The Closing Window
Building the bomb pulse visualization made something visible that reading about it hadn't. While implementing it, I had to plot the atmospheric C-14 curve all the way from 1940 to 2026, and the right end of the curve sat almost exactly at zero — the pre-bomb baseline. The signal has nearly returned to where it started. After 2017, the curve dips slightly negative: fossil fuel combustion is now releasing carbon with no C-14 at all, diluting the atmospheric ratio below its historical level. The Suess effect, after the physicist who named it in 1955.
What this means practically: the bomb pulse method is closing. The test ban treaty was signed in 1963. The signal peaked and then started washing out — into the oceans, into the biosphere, back toward equilibrium. Tissues that turn over in years or decades are already near-baseline.

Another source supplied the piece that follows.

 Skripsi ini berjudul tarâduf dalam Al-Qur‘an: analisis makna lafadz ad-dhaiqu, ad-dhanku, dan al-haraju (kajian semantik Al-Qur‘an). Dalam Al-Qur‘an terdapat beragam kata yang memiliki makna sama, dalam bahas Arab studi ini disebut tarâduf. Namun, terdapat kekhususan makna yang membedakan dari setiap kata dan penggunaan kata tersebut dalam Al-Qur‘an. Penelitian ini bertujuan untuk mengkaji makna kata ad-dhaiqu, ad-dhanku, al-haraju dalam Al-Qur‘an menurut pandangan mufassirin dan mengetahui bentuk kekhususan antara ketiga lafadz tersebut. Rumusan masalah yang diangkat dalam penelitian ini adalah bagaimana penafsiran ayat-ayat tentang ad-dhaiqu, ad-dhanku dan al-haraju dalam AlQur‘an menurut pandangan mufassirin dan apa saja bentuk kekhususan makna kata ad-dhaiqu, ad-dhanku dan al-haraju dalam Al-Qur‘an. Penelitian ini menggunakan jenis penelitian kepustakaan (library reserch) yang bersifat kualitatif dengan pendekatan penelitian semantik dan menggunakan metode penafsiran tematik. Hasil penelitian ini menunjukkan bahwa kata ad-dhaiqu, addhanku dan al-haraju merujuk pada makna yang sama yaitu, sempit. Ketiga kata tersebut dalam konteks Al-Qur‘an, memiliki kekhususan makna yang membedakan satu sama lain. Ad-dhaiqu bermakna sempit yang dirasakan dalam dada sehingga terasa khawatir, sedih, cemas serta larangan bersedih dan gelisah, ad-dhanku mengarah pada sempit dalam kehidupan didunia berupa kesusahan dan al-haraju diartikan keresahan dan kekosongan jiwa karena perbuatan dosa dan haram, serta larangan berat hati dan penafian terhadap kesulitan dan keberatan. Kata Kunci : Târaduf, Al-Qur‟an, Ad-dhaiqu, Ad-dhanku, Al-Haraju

The gut lining replaced itself thousands of times since 1963 and carries no trace of it. Red blood cells, the liver — same. The signal only persists in slow tissues: fat cells (which Spalding and Frisén used to establish the turnover rate, in 2008), heart muscle, and neurons. And even fat cells are marginal now: cells born today incorporate nearly nothing from the pulse, so the average is approaching zero.

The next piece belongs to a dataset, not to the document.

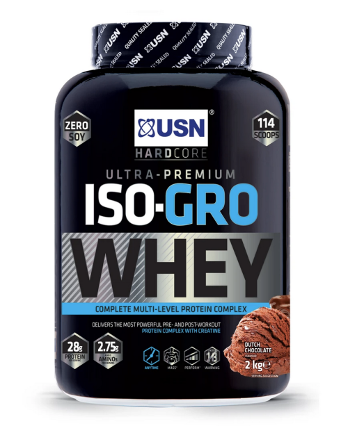 ISO-Gro Whey je nová generace vysokoproteinového nápoje pro budování svalové hmoty díky kvalitním syrovátkovým bílkovinám. Obsahuje esenciální aminokyseliny i BCAA. Navíc obsahuje také komplex s minerály jako je zinek, hořčík, draslík, vápník a kreatinem monohydrátem. Tato směs je vhodným nápojem před tak i po tréninku. Kreatin zvyšuje fyzickou výkonnost v krátkodobých intenzivních výkonech. Vápník podporuje funkci svalů a trávicích enzymů. Zinek ovlivňuje normální metabolismus sacharidů, mastných kyselin, syntézu bílkovin a funkci imunitního systému. Hořčík přispívá ke snížení únavy a vyčerpání. Draslík ovlivňuje funkci svalů a nervového systému. ISO-Gro Whey je v dostání ve třech lahodných příchutích. Bez obsahu lepku. Doporučené dávkování:

For someone born in 2020, there's essentially no bomb pulse to read anywhere in the body. A researcher trying to date their cells in 2060 will find the method inert. The window opened with the first atmospheric tests in the late 1940s, peaked in 1963, and will close — for practical biological purposes — sometime in the next few decades. The specific historical accident that made cell dating possible was also self-limiting. It lit up a clock and let that clock count down.
There's a secondary thing the visualization surfaced: the two-limb ambiguity. The C-14 curve isn't monotone. It rises steeply from the late 1950s to 1963, then falls. A tissue reading of 200‰ corresponds to two possible dates — roughly 1965 on the way down from the peak, or roughly 1980 further along the descent. The instrument doesn't distinguish them. In practice, researchers resolve this using the subject's age: a 40-year-old in 2026 was born in 1986, so cells reading 200‰ must be from the descending limb, not the ascending one. The method requires external knowledge about the subject to be interpreted.

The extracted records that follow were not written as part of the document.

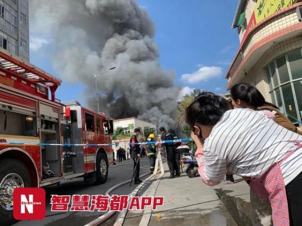 海都君赶往途中看见,蘑菇云一样的浓烟正不断向外冒出,同时可以闻到很刺鼻的烧焦味。火灾现场已经拉起了警界线,消防员正在从不同角度进行救火,但是由于部分着火点位于铁皮下方难以被水流冲击到,故还不时有火舌冒出来,给消防工作带来了一定困难。在百杨巷与杨周路口一幼儿园的家长在急着将自己的孩子接回家。
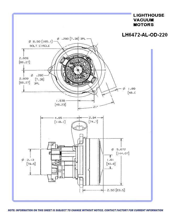 LH6472-AL-OD-220 Lighthouse vacuum motor, 5.7in., 220V, 2 stage
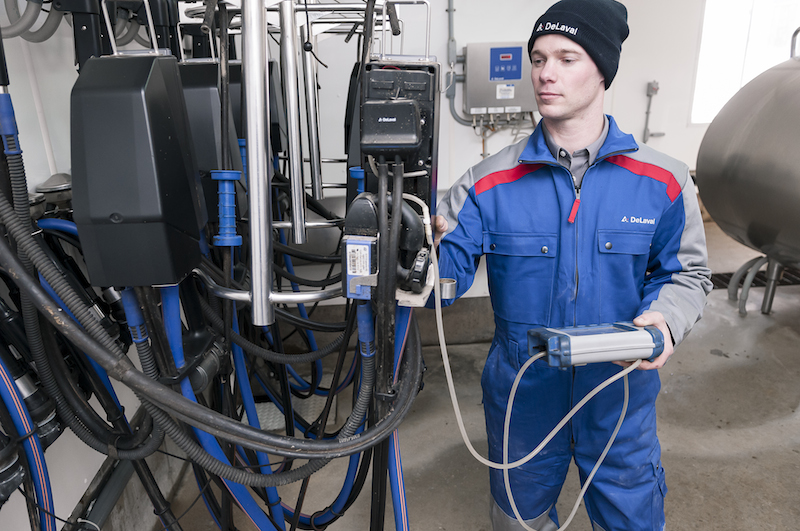 A rendszeres és ütemezett karbantartást a DeLaval szakképzett és betanított technikusai végzik professzionális és – nem ritkán - egyedi eszközök használatával. DeLaval VPR200 teljesítménymérő eszközt használnak például a fejőberendezés pontos kiértékeléséhez, kalibrálásához és beállításához. A DeLaval tesztek megfelelnek a nemzetközi szabványoknak. A berendezések kiértékelésekor figyelembe vesszük az ajánlásokat (pl. ISO6690:2007), és gondoskodunk arról, hogy a berendezések hibátlanul és a nemzetközi szabványokkal összhangban működjenek. Az NMC/ISO méretezés és tesztek garantálják többek között a megfelelően működő vákuumot és a rendszerveszteségek, szivárgások minimalizálását. A technikusok rendelkezésre bocsátják az összes szükséges dokumentumot, így biztosítva, hogy a felhasználó magabiztosan és nyugodtan működtesse berendezéseit.

This is a general structure worth noting. The measurement is not self-interpreting. The C-14 ratio in a cell encodes when the cell was born, but reading that encoding requires knowing something about the cell's history that isn't in the cell itself. The isotope records the ambient atmosphere at the time of division; the curve tells you which date that ratio corresponds to; but the curve has two answers, and you need the person's age to select one. The bomb pulse is a shared external clock, but using it requires an internal reference you already have.
There's a version of this where it collapses into neat recursion — "the answer requires what the question was trying to find" — but it doesn't actually collapse that way. You know the person's age from their birth certificate, from interviewing them, from other biological markers. The bomb pulse fills in one thing (cell birth date) by using another thing (person birth date) that was established differently. What you can't do is date both the person and their cells simultaneously with the same instrument. The clock is readable, but not from inside the system it's measuring.